THE BOTTOM LINE Whether using a computer-based screening process or not, effectively evaluating prospective residents requires time and consistency. “Document what additional steps you will take when traditional credit is not available,” says Richer, who is a former property manager. “Following those steps each and every time will ensure that you are Fair Housing–compliant and also provide insight into nontraditional types of payment information that would otherwise go undiscovered. Applicants with no previous rental history are not always risky renters.”
Margot Carmichael Lester is a freelance writer in Carrboro, N.C.
Resident Files Giving Credit A credit report may be the most accurate and unbiased evaluation of a prospect’s financial responsibility. But if it’s thin, or completely unavailable, you can ask the applicant to answer some basic questions that may tip you off to potential risks.

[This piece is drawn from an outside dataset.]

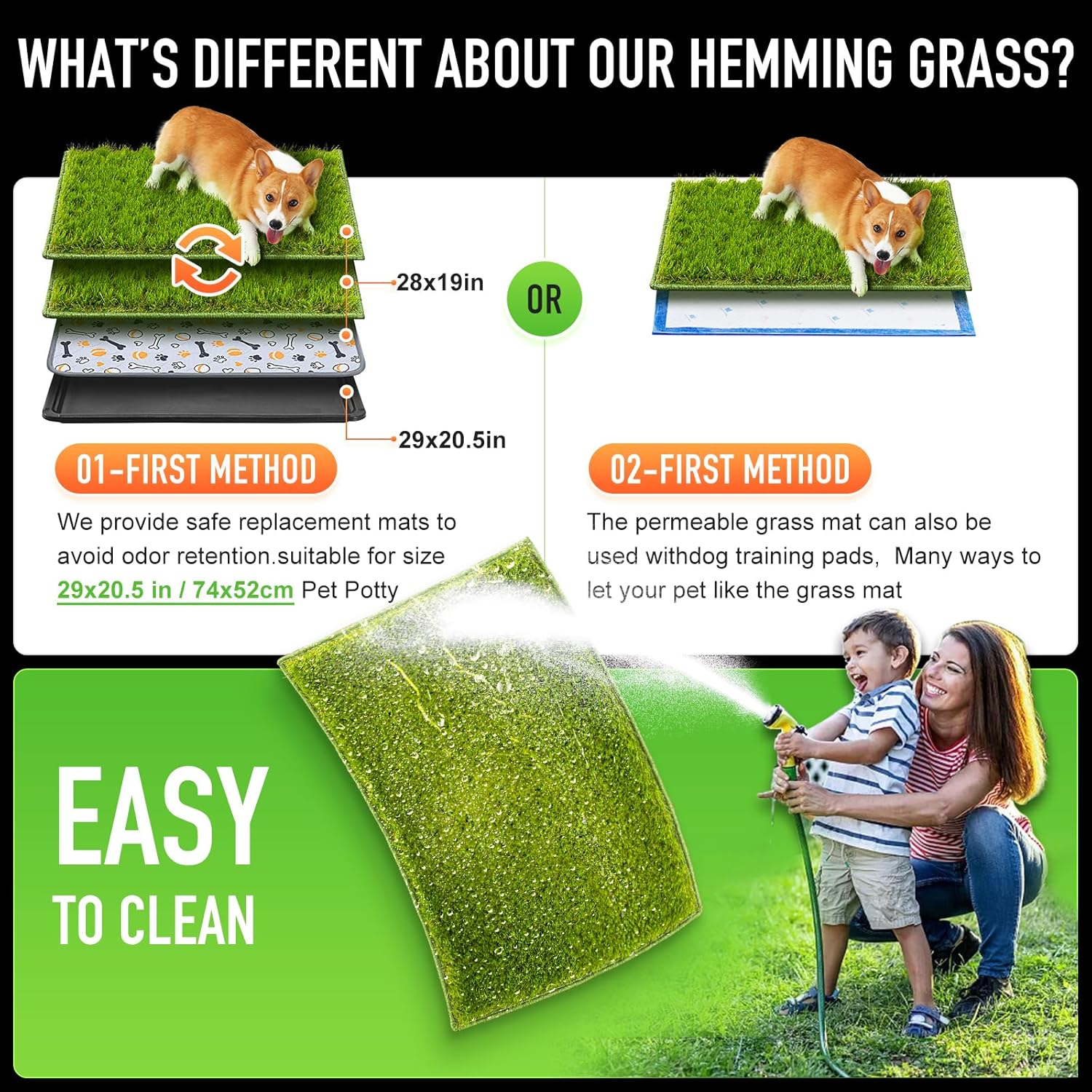- REPLACEMENT SET】: The size of the dog grass pad is 28"×19", compatible with Hompet's pet potty tray ( 29"×20.5" ), realistic turf makes it easier to train your puppies, All training pads are hemming designed in order to prevent the turf from falling or being torn by dogs, there is no need to worry the grass mat will falling off like the other dog grass pee pads on the market and can't be used.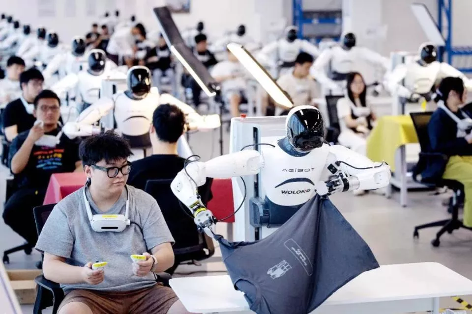 2025年9月14日,在位于浙江绍兴上虞区的杭州湾具身智能创新中心,50台人形机器人在数据采集区跟着技术人员学习各种岗位技能。图/视觉中国

Former property manager Linda Richer suggests asking the following:
- What bills do you currently pay electronically, and are you prepared to pay your monthly rent electronically? “Individuals that are set up to pay electronically have put an emphasis on being timely with their current financial responsibilities,” Richer notes.
- Do you manage a checking account, and what is your current balance? “If they know their balance, or can pull out their register and provide the balance, they are managing the account responsibly,” she explains.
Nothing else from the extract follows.